Tribunal Administratif de Châlons-en-Champagne — Décision N° TA51-2201468

mercredi 28 septembre 2022

JuridictionTribunal Administratif de Châlons-en-Champagne
SectionTribunal Administratif de Châlons-en-Champagne
N° DossierTA51-2201468
TypeDécision
RecoursExcès de pouvoir
PublicationC
FormationJuge unique - Eloignement
Avocat requérantGABON

Texte intégral

Vu la procédure suivante :

I. Par une requête enregistrée le 29 juin 2022, Mme A B, représentée par Me Gabon, demande au tribunal :

1°) de l'admettre au bénéfice de l'aide juridictionnelle provisoire ;

2°) d'annuler l'arrêté du 3 juin 2022 par lequel le préfet de la Marne l'a obligée à quitter le territoire français dans un délai de trente jours et a fixé le pays de destination ;

3°) d'enjoindre au préfet de la Marne de lui délivrer un titre de séjour sous astreinte de 100 euros par jour de retard à compter de la notification du jugement à intervenir ;

4°) de mettre à la charge de l'Etat la somme de 2 500 euros au titre des dispositions des articles L. 761-1 du code de justice administrative et 37 de la loi du 10 juillet 1991.

Elle soutient que :

- l'arrêté est insuffisamment motivé ;

- le préfet a agi en situation de compétence liée avec la décision des juges de l'asile et n'a pas procédé à un examen complet de sa situation ;

- l'arrêté méconnaît les stipulations de l'article 41 de la charte des droits fondamentaux de l'Union européenne ;

- il méconnait les dispositions des articles L. 423-23 et L. 435-1 du code de l'entrée et du séjour des étrangers et du droit d'asile ;

- il méconnaît les dispositions de l'article L. 431-2 du code de l'entrée et du séjour des étrangers et du droit d'asile ;

- il est entaché d'une erreur de droit au regard des dispositions de l'article L. 542-1 du code de l'entrée et du séjour des étrangers et du droit d'asile dès lors que, d'une part, il n'est pas établi que la décision du juge de l'asile lui a été notifiée et, d'autre part, elle justifie d'une attestation de demandeur d'asile et, qu'ainsi, elle avait le droit de se maintenir sur le territoire français ;

- l'arrêté méconnaît les stipulations des articles 3 et 8 de la convention européenne de sauvegarde des droits de l'homme et des libertés fondamentales ;

- il est entaché d'une erreur manifeste d'appréciation de sa situation ;

- la décision fixant le pays de destination ne détermine pas précisément le pays à destination duquel elle devra être reconduite ;

- elle portera atteinte à l'unité familiale.

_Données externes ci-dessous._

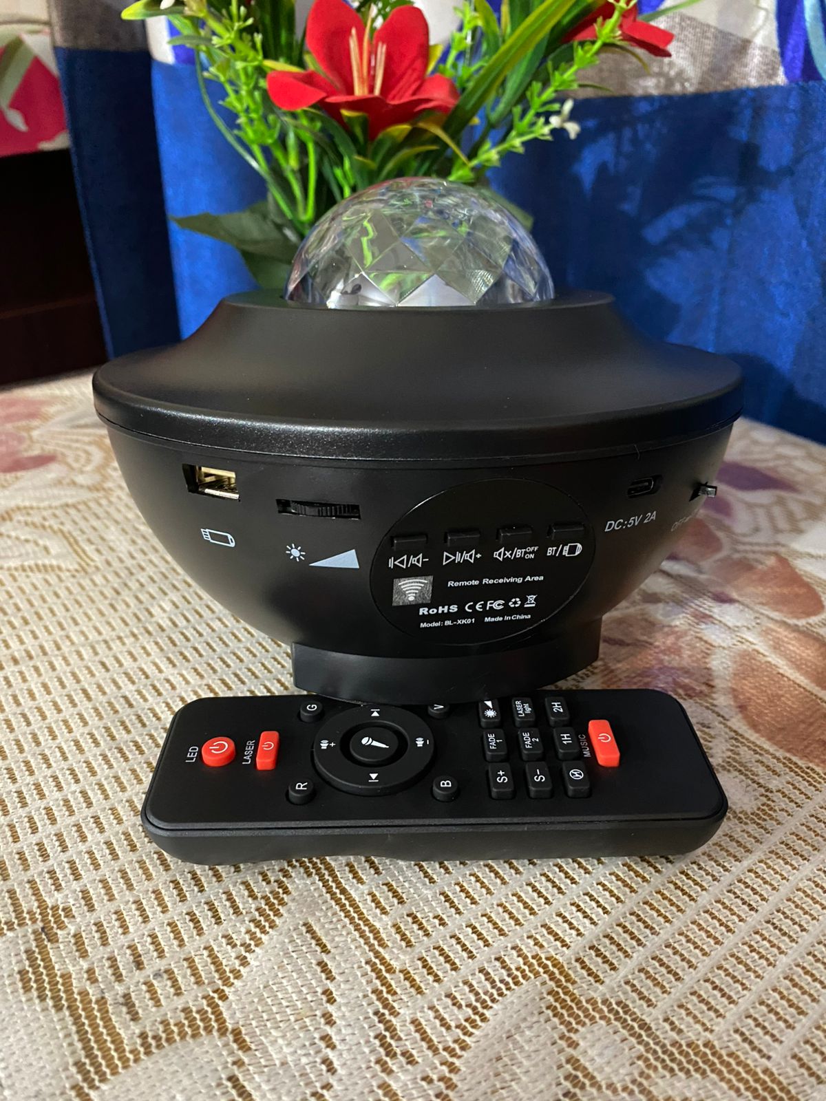 Functions: LED Projector light, Music Speaker, Bluetooth, Remote control

La requête de Mme B a été communiquée au préfet de la Marne qui, lors de l'audience le 14 septembre 2022, a produit un arrêté d'abrogation de l'arrêté du 3 juin 2022.

Mme B a été admise au bénéfice de l'aide juridictionnelle totale par une décision du 9 septembre 2022 du bureau d'aide juridictionnelle du tribunal judiciaire de Châlons-en-Champagne.

II. Par une requête enregistrée le 29 juin 2022, M. D C, représenté par Me Gabon, demande au tribunal :

1°) de l'admettre au bénéfice de l'aide juridictionnelle provisoire ;

2°) d'annuler l'arrêté du 3 juin 2022 par lequel le préfet de la Marne l'a obligé à quitter le territoire français dans un délai de trente jours et a fixé le pays de destination ;

3°) d'enjoindre au préfet de la Marne de lui délivrer un titre de séjour sous astreinte de 100 euros par jour de retard à compter de la notification du jugement à intervenir ;

4°) de mettre à la charge de l'Etat la somme de 2 500 euros au titre des dispositions des articles L. 761-1 du code de justice administrative et 37 de la loi du 10 juillet 1991.

Il soutient que :

- l'arrêté est insuffisamment motivé ;

- le préfet a agi en situation de compétence liée avec la décision des juges de l'asile et n'a pas procédé à un examen complet de sa situation ;

- l'arrêté méconnaît les stipulations de l'article 41 de la charte des droits fondamentaux de l'Union européenne ;

- il méconnait les dispositions des articles L. 423-23 et L. 435-1 du code de l'entrée et du séjour des étrangers et du droit d'asile ;

- il méconnaît les dispositions de l'article L. 431-2 du code de l'entrée et du séjour des étrangers et du droit d'asile ;

- il est entaché d'une erreur de droit au regard des dispositions de l'article L. 542-1 du code de l'entrée et du séjour des étrangers et du droit d'asile dès lors que, d'une part, il n'est pas établi que la décision du juge de l'asile lui a été notifiée et, d'autre part, il justifie d'une attestation de demandeur d'asile et, qu'ainsi, il avait le droit de se maintenir sur le territoire français ;

- l'arrêté méconnaît les stipulations des articles 3 et 8 de la convention européenne de sauvegarde des droits de l'homme et des libertés fondamentales ;

- il est entaché d'une erreur manifeste d'appréciation de sa situation ;

- la décision fixant le pays de destination ne détermine pas précisément le pays à destination duquel il devra être reconduit.

La requête de M. C a été communiquée au préfet de la Marne qui, lors de l'audience le 14 septembre 2022, a produit un arrêté d'abrogation de l'arrêté du 3 juin 2022.

M. C a été admis au bénéfice de l'aide juridictionnelle totale par une décision du 9 septembre 2022 du bureau d'aide juridictionnelle du tribunal judiciaire de Châlons-en-Champagne.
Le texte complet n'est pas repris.